*Data for this task:*
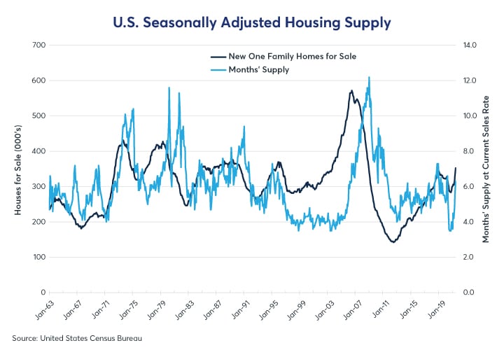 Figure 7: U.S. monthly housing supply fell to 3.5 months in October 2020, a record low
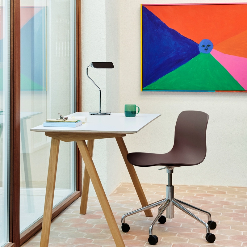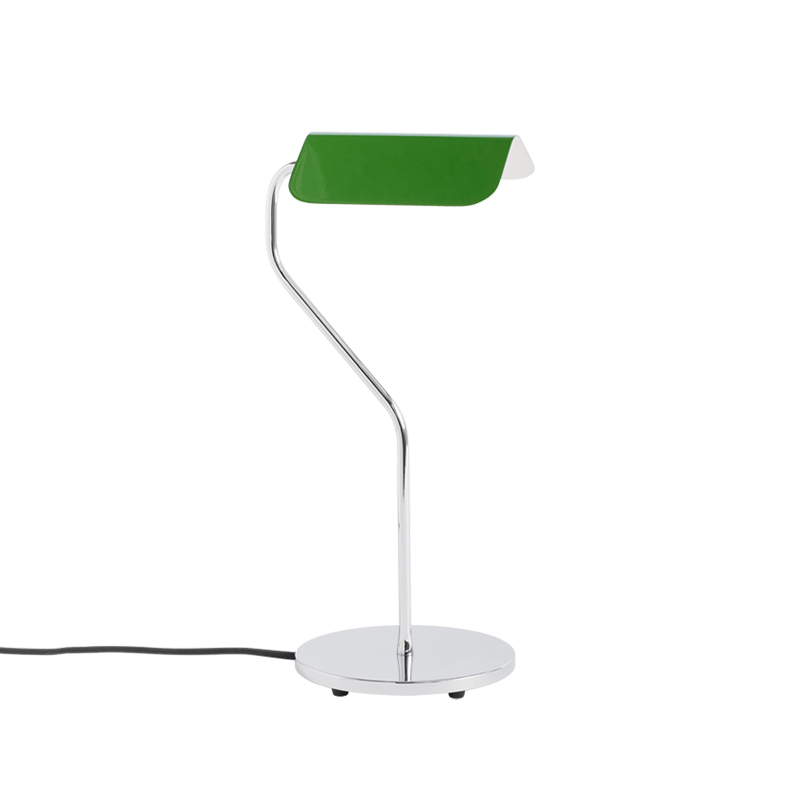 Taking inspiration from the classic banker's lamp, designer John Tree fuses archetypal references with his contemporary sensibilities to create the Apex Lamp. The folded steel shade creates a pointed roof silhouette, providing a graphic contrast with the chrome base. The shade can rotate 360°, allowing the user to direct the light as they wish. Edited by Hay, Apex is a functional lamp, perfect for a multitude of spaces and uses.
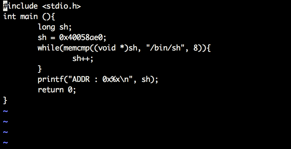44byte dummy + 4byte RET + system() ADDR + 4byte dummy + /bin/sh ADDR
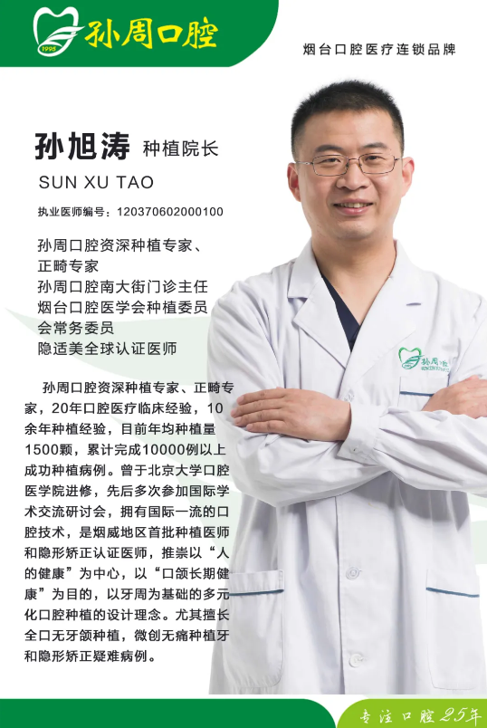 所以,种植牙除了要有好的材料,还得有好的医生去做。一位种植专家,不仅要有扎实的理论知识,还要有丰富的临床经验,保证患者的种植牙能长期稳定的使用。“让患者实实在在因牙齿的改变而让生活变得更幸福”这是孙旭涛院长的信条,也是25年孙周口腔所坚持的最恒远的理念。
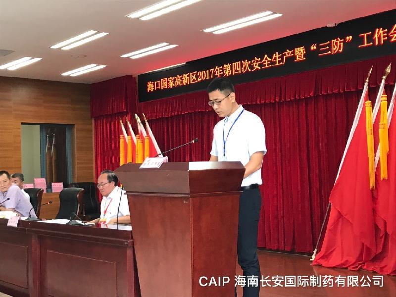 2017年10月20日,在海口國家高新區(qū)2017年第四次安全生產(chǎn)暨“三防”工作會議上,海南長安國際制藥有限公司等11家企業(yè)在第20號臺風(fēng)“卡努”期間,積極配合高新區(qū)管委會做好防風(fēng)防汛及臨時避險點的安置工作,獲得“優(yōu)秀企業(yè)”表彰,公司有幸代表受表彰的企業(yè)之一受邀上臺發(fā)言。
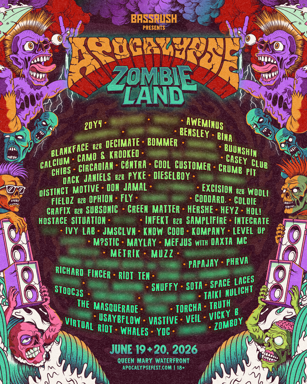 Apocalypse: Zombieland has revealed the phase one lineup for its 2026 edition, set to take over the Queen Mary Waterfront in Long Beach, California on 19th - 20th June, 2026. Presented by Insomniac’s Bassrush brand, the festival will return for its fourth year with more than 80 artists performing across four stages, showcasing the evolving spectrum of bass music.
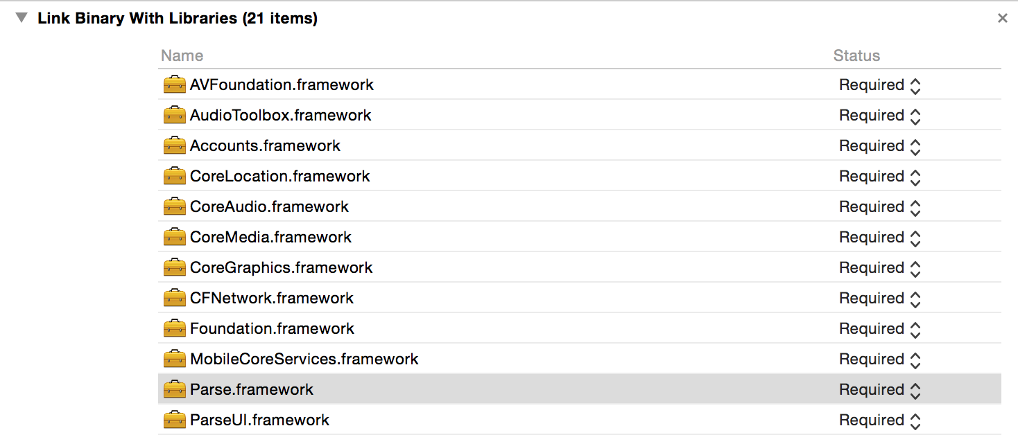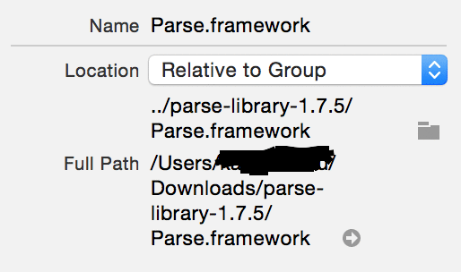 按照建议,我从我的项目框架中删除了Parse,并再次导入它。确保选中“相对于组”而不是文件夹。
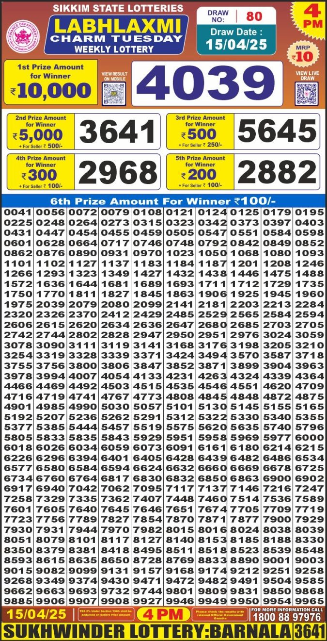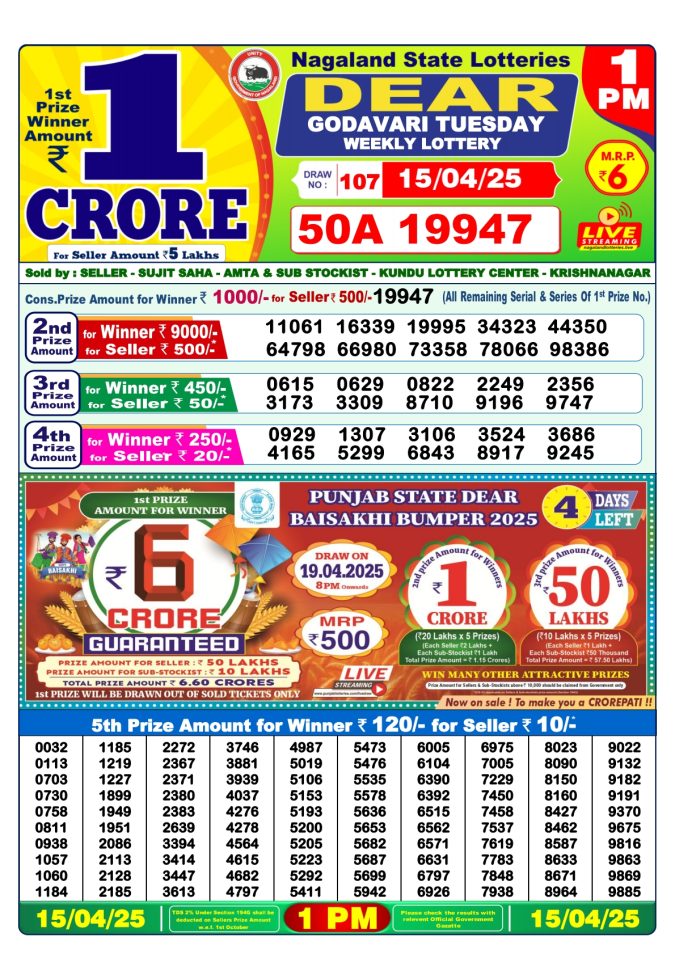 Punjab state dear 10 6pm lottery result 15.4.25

---

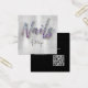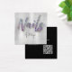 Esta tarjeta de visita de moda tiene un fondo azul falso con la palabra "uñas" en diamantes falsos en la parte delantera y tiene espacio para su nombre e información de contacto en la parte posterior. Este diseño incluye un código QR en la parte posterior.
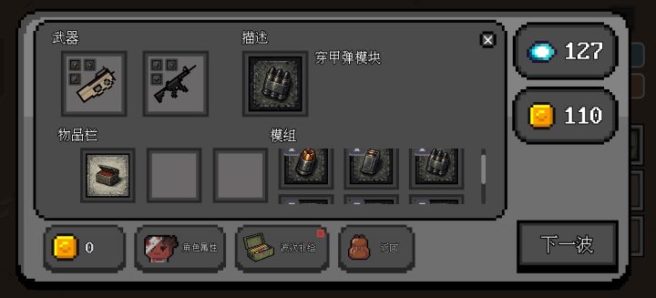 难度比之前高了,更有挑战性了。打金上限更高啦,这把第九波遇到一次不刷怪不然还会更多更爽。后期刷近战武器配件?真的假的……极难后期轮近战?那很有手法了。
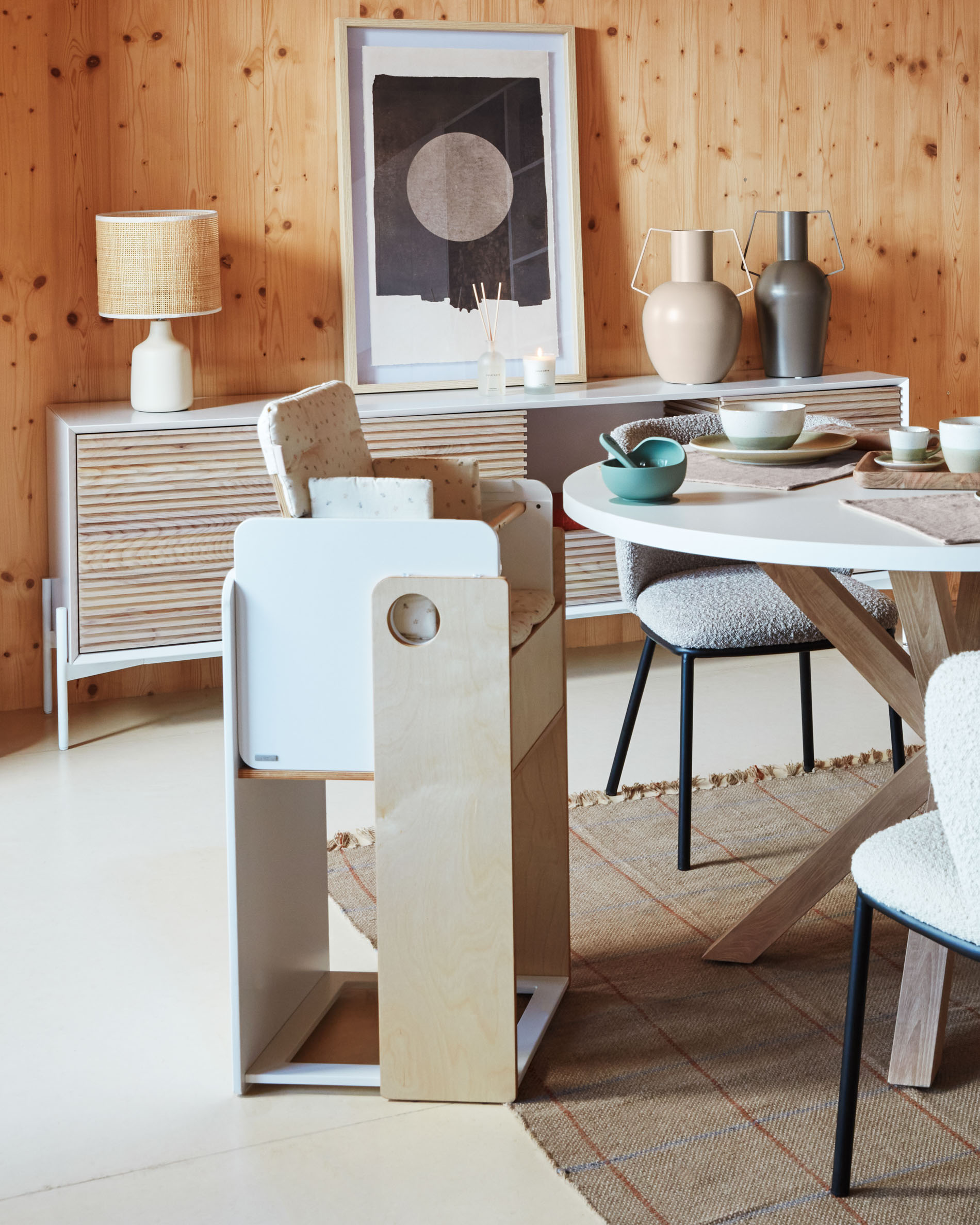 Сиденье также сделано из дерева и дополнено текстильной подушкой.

*The task:* Set down word for word the lines above from the one with "Taking inspiration from" up to and including the one with "2017年10月20日,在海". Omit every picture.

*Response to this exercise:*
 Taking inspiration from the classic banker's lamp, designer John Tree fuses archetypal references with his contemporary sensibilities to create the Apex Lamp. The folded steel shade creates a pointed roof silhouette, providing a graphic contrast with the chrome base. The shade can rotate 360°, allowing the user to direct the light as they wish. Edited by Hay, Apex is a functional lamp, perfect for a multitude of spaces and uses.
44byte dummy + 4byte RET + system() ADDR + 4byte dummy + /bin/sh ADDR
 所以,种植牙除了要有好的材料,还得有好的医生去做。一位种植专家,不仅要有扎实的理论知识,还要有丰富的临床经验,保证患者的种植牙能长期稳定的使用。“让患者实实在在因牙齿的改变而让生活变得更幸福”这是孙旭涛院长的信条,也是25年孙周口腔所坚持的最恒远的理念。
 2017年10月20日,在海口國家高新區(qū)2017年第四次安全生產(chǎn)暨“三防”工作會議上,海南長安國際制藥有限公司等11家企業(yè)在第20號臺風(fēng)“卡努”期間,積極配合高新區(qū)管委會做好防風(fēng)防汛及臨時避險點的安置工作,獲得“優(yōu)秀企業(yè)”表彰,公司有幸代表受表彰的企業(yè)之一受邀上臺發(fā)言。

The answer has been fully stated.